Luckily I have that in my life; I have friends who have been there for me through everything I have gone through and will always be there to back me up and help me, no matter how down or how sick I am. I am lucky to have my family who supports me and are able to help me with my treatments, both financially and physically. There are so many people out there who have family and friends who turn against, or disassociate with them because they can not comprehend or even wish to understand what that person is going through with Lyme disease. So many people lose their family, so many people lose their friends, just because they don't want to open up and they don't want to try and sympathize and understand the consequences of Lyme disease.

When your family and loved ones have turned their back on you, where else would you turn?? Suicide seems to be the most popular answer. And not just because no one understands them; there's so much more too it with Lyme than that.

When the people you love don't understand you and don't support you, you will have problems with doctors believing everything you're going through. I has one doctor tell me that if my mom hadn't been in the room with me, he would have believed I was making everything up. There's so my with Lyme disease and so back and forth with all the possible symptoms, to uneducated, non-Lyme friendly doctors it seems unreal. When you can't get the support from family or from a doctor, you can't get properly treated.

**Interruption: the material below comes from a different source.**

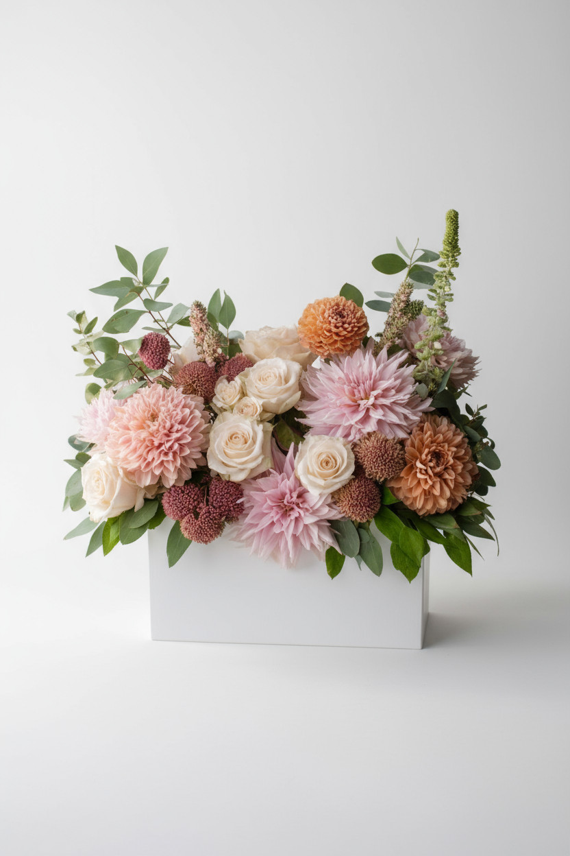 If you’re looking to bring serenity and elegance to any space, this stunning floral arrangement is the perfect choice. A gift that whispers love, grace, and timeless beauty, it provides the ideal touch for any special moment or celebration. Whether you’re commemorating a wedding, honoring an anniversary, hosting a baby shower, or simply looking to elevate your home or office décor, this arrangement captures the serene charm of a cottage garden and invites nature’s calm indoors.
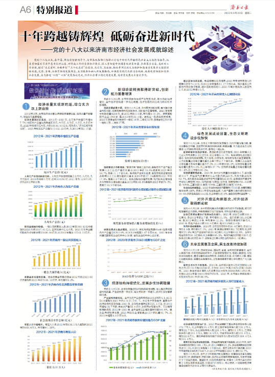 为有效展现党的十八大以来济南市经济社会发展取得突破性进展和历史性变革,为推动新时代社会主义现代化强省会建设作出积极贡献,以实际行动向党的二十大献礼,济南市统计局按照《济南市庆祝第十三届统计开放日活动方案》安排,撰写了题为《十年跨越铸辉煌 砥砺奋进新时代----党的十八大以来济南市经济社会发展成就综述》的文章,并于9月20日当天在济南日报发表。 文章重点阐述了党的十八大以来济南市经济总量实现新跨越、新旧动能转换取得新突破、经济结构持续优化、绿色发展成效显著以及对外开放迈向新层次、共享发展惠及全民等六个方面,用统计数据直观的展现了2012年-2021年十年之间济南市翻天覆地变化以及取得的令人瞩目的成就。 下一步市统计局将通过编印庆祝第十三届统计开放日系列汇报材料,录制人大代表、政协委员、退休老干部、基层统计站长、企业代表访谈节目等方式,开展一系列庆祝活动,进一步传播统计文化、提升统计形象、树立统计权威,促进社会公众关注认识统计、配合支持统计,凝聚统计事业发展正能量,激发干事担当新作为。

Support isn't the only reason Lyme sufferers turn towards suicide, the symptoms can be very unbearable. I have talked to a lot of people who have both Lyme and have gone through chemotherapy, majority of them have said to me Lyme is worse. I've been told they both feel very similar to each other except Lyme never ends. I will admit that I, myself, have had days with symptoms so bad that I understand those commit suicide because of it... It's a never ending cycle, when you feel good, you fall back down again and that is the worst feeling in the world. I would never consider suicide, I have family and friends who will support me through all of it, and I am lucky enough to have finances available to see one of the top Lyme doctors in the nation. I've also never been on to give up. But I can truly see why so many have, and no one could possibly understand that until they have lived a day with Lyme.

The Lyme suicides could possibly be cut down in numbers if we just told someone we loved them. Not tell them their treatment is wrong, they aren't in as much pain as someone else or there's always someone else worse out there, but just that you love them. (More on the weird competition that seems to go on with Lyme patients in another blog entry.) if you know anyone with Lyme, just tell them you love them and you care about them. Also, don't be thrown off if they seem okay, Lyme patients are really good at faking "feeling good". It's our hidden talent.

Please share this and tell at least one Lyme you love them today; it'll make their day, and maybe prevent another Lyme death.

(There is so much I didn't cover reasons why Lyme suicide is a thing.... There are so many reasons things can go wrong with a Lymie.)